* Information supplied
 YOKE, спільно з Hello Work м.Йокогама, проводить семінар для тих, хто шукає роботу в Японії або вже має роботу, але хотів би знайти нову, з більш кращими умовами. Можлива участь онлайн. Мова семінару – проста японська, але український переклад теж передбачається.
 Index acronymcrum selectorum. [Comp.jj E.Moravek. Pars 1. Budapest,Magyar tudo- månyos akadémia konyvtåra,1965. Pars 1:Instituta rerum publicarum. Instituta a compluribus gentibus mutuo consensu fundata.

--

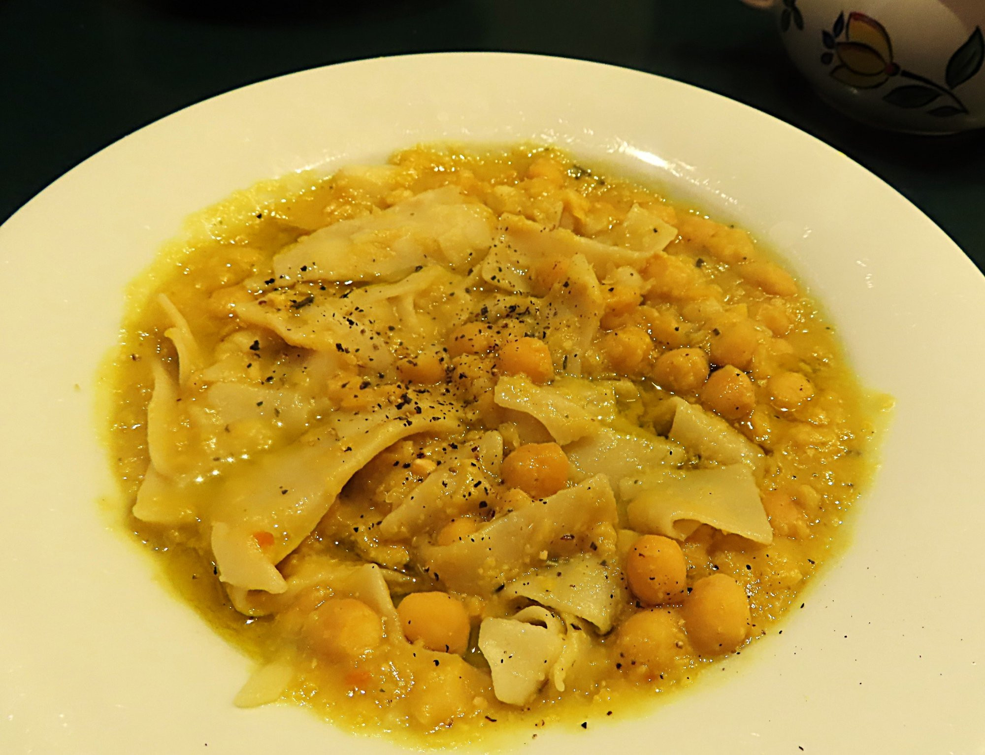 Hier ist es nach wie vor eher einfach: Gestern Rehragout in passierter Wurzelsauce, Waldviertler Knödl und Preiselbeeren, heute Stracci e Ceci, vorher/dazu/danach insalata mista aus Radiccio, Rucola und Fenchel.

* What the task asks
Leave out every line above except those from the line with "YOKE, спільно з" up to and including the line with "Index acronymcrum selectorum.", and copy those exactly.

* Solution to this problem
 YOKE, спільно з Hello Work м.Йокогама, проводить семінар для тих, хто шукає роботу в Японії або вже має роботу, але хотів би знайти нову, з більш кращими умовами. Можлива участь онлайн. Мова семінару – проста японська, але український переклад теж передбачається.
 Index acronymcrum selectorum. [Comp.jj E.Moravek. Pars 1. Budapest,Magyar tudo- månyos akadémia konyvtåra,1965. Pars 1:Instituta rerum publicarum. Instituta a compluribus gentibus mutuo consensu fundata.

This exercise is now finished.